Table of Contents
Raymond Grill, M.D.
assistant professor of neurosurgery, Medical School (MS) and
Graduate School of Biomedical Science (GSBS)
Research Work: Acute and Chronic Models of Spinal Cord Injury (Photo not available)
For as long as he can remember, Raymond Grill, M.D., has wanted to devote his research career to helping victims suffering from a spinal cord injury.
“Spinal cord injury is the main reason that I pursued a career in research,” Grill said. “This condition tends to strike the young in relatively great numbers. The primary insult has a low mortality rate, so the vast majority of victims survive to experience a lifetime of functional loss, and, in many cases, severe pain syndromes. All one needs to do is to speak with an individual living with a chronic spinal cord injury and hear the stories of how life has changed to understand the motivations of the researchers who work in this field.”
Spinal cord injury researchers, like Grill, also may become motivated by the fact that there is still no FDA-approved treatment for spinal cord injury in either the early or chronic phase.
With a lack of effective, early treatment, most spinal cord injuries fall into the chronic phase, which can last anywhere from months to years to decades.
“Laboratory studies tell us that interventions that show promise in the early or acute phase of injury do not show a similar promise in the chronic phase,” Grill said. “I decided that my lab would focus on the changes that occur in the spinal cord over long periods of time that may make the tissue less permissive to repair.”
Grill studies the long-term effects of spinal cord injury using a rodent contusion model in which mice or rats are surgically prepared to receive a spinal contusion injury.
“A contusion injury essentially means a bruising of the spinal cord,” Grill explained. “We have chosen this model as it bears the greatest similarity with the most common type of injury received by humans and treated in the clinic.”
Grill and his laboratory staff take care to assess the animal’s progress and motor activity on a weekly basis.

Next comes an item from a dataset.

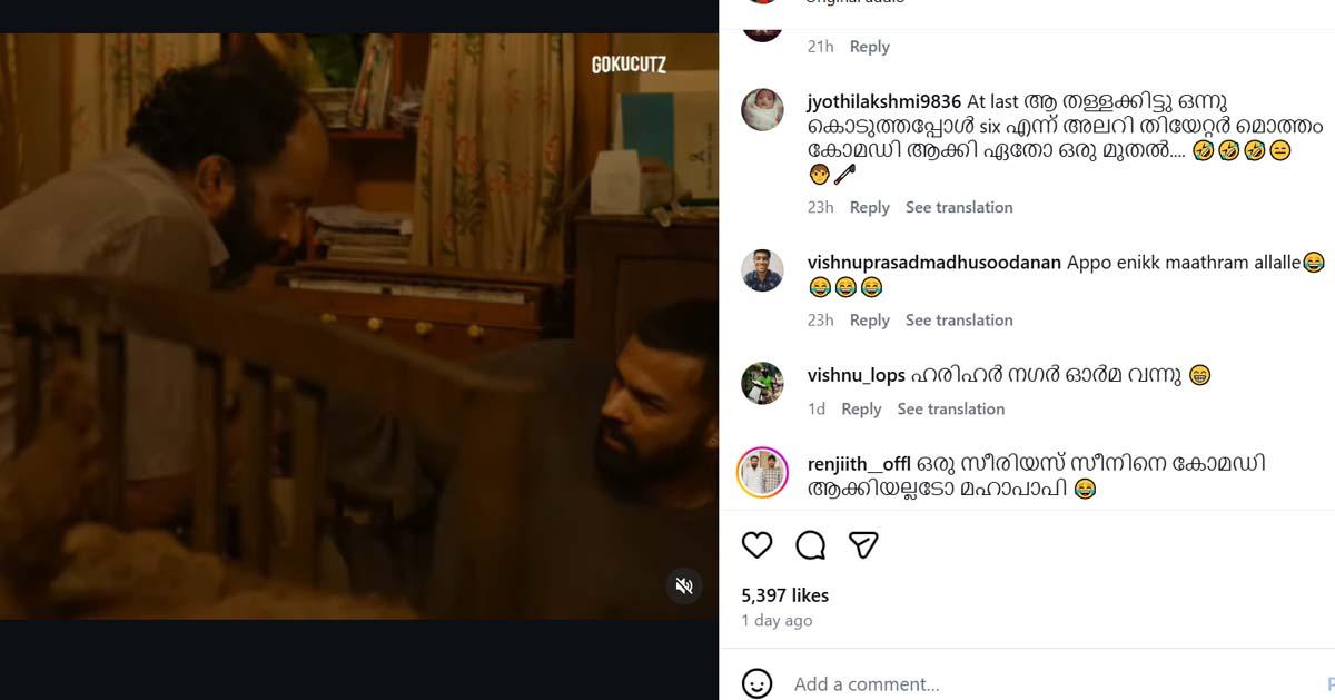 ഒറിജനില് വീഡിയോയുമായി അങ്ങേയറ്റം സിങ്കാകുന്ന തരത്തില് ഈ വീഡിയോ എഡിറ്റ് ചെയ്തത് ഗോകു കട്ട്സ് എന്ന ചാനലാണ്. ഇതിനോടകം ഒരുലക്ഷത്തിലധികം ആളുകള് വീഡിയോ കണ്ടുകഴിഞ്ഞു. അയ്യായിരത്തിലധികം ലൈക്കുകളും ഈ വീഡിയോ സ്വന്തമാക്കി. വീഡിയോയുടെ കമന്റ് ബോക്സും രസകരമാണ്.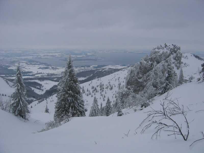 Bei den derzeitig widrigen Wetter- u. Schneeverhältnissen von Aschau/Ciemgau über die Piste auf die Kampenwand (bis ca.1600m). Die Schneeverhältnisse waren auf der Piste ideal, da übernacht ca. 10-15cm Neuschnee gefallen sind und die Piste nur z.T. neu gewalzt war. Das Wetter war wesentlich besser als vorhergesagt, vom Dauerschneefall keine Spur. Oben lebhafter W-Wind mit stürmischen Böen (->z.T. massive Schneeverfrachtung !).Nachdem gestern aus den N-Hängen oberhalb der Sonnenalm die Lawinen gesprengt wurden, tummelten sich in diesen Steilhängen heute wieder eine Menge Skifahrer. Leider konnte man auch in so manchem "nichtkontrolliertem" Steilhang Variantenfahrer beobachten, die vermutlich den Lawinenlagebericht nicht kannten oder ignorierten !

“We also may employ non-invasive imaging through collaboration with Ponnada Narayana, Ph.D., in the Department of Radiology (also on faculty at GSBS) by using MRI to follow the evolution of the traumatized area in the cord over long time periods within the same animal,” Grill added. “At the end of the experiment, we also employ a wide range of tissue imaging techniques, including the use of confocal microscopy, to study the presence and potential interaction of specific cells and proteins within the damaged spinal tissue.”

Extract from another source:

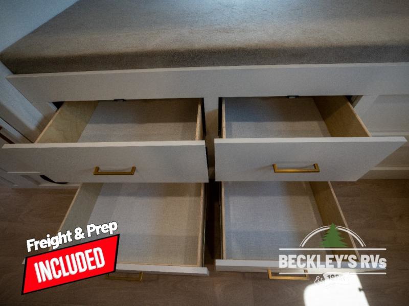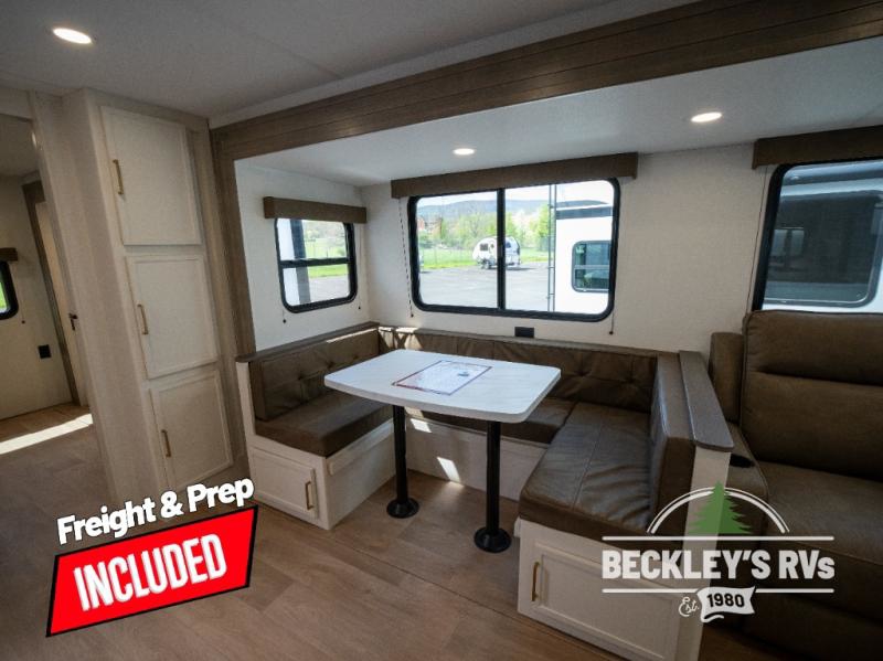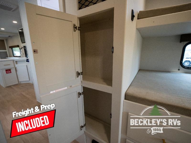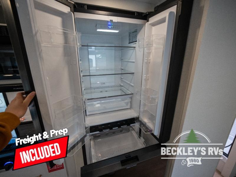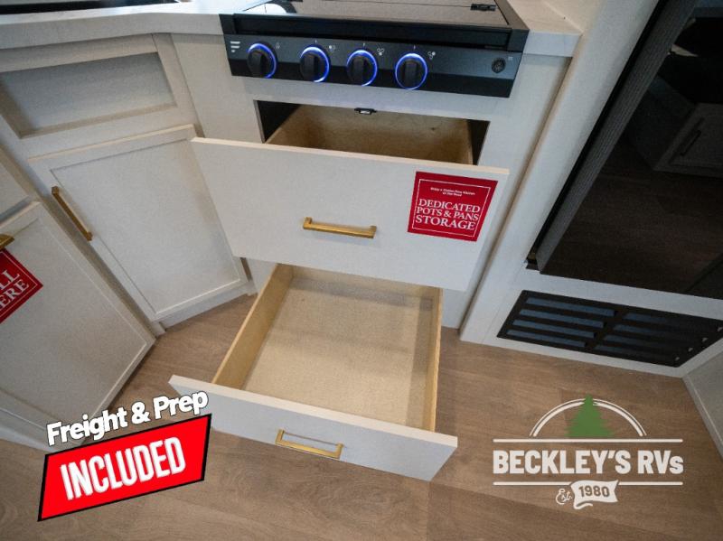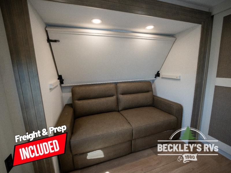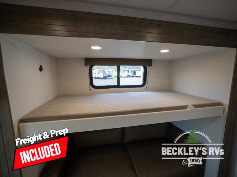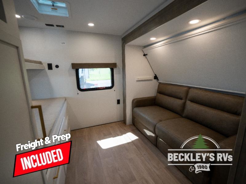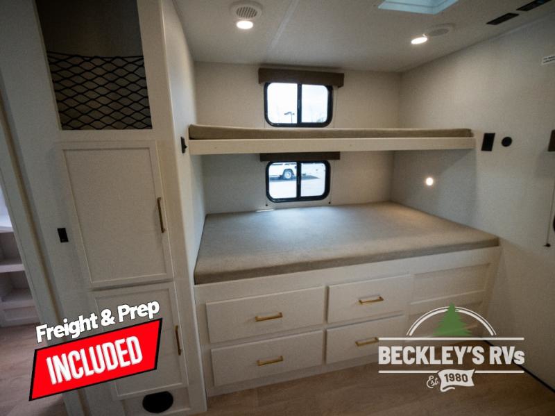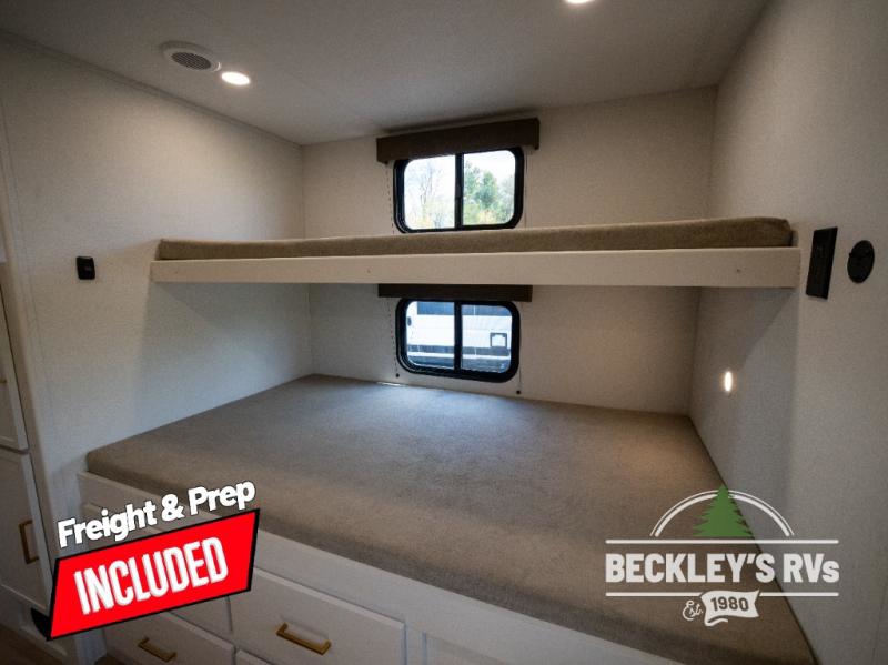 If you're looking for a travel trailer that can house your whole gang, this unit is the one! The rear private bunkhouse can sleep up to five since there is a sleeper sofa and three bunks, plus there are storage drawers for your guests' things. A front private bedroom will be perfect for the owners with a queen bed slide out and spacious front closet with washer and dryer prep! Whether you cook outside on the exterior griddle or inside on the three burner range, you'll be able to make your best meals. There is also a 12V French door refrigerator with a glass front and bottom freezer and a convection microwave/combo air fryer to enjoy some crispy fries! A U-shaped dinette and 60" sleeper sofa within the living room slide provides even more seating and sleeping space, or you can choose the optional theater seating!

Current knowledge states that, once the spinal cord is damaged, it eventually reaches a type of steady condition where it does not get any better or worse over time. However, Grill’s research has led to an interesting finding, which may shed new light on the events that shape a spinal cord injury in the chronic phase.
“We believe we are seeing a slow, progressive spread of pathology away from the initial site of injury over a period of many months in our animal model of spinal cord injury,” Grill said. “If this observation holds up in humans, it would suggest that the initial injury sets in motion a wave of damage that may continue on long after that initial trauma – perhaps for life.”
Grill said he is encouraged by his findings, as they will help him better understand what really happens after a spinal cord is injured.
“The progressive changes we have observed are being driven by one or more biological processes. These processes, once identified, can serve as individual or group targets for intervention, potentially leading to the development of effective repair strategies in the chronic phase of injury,” he said.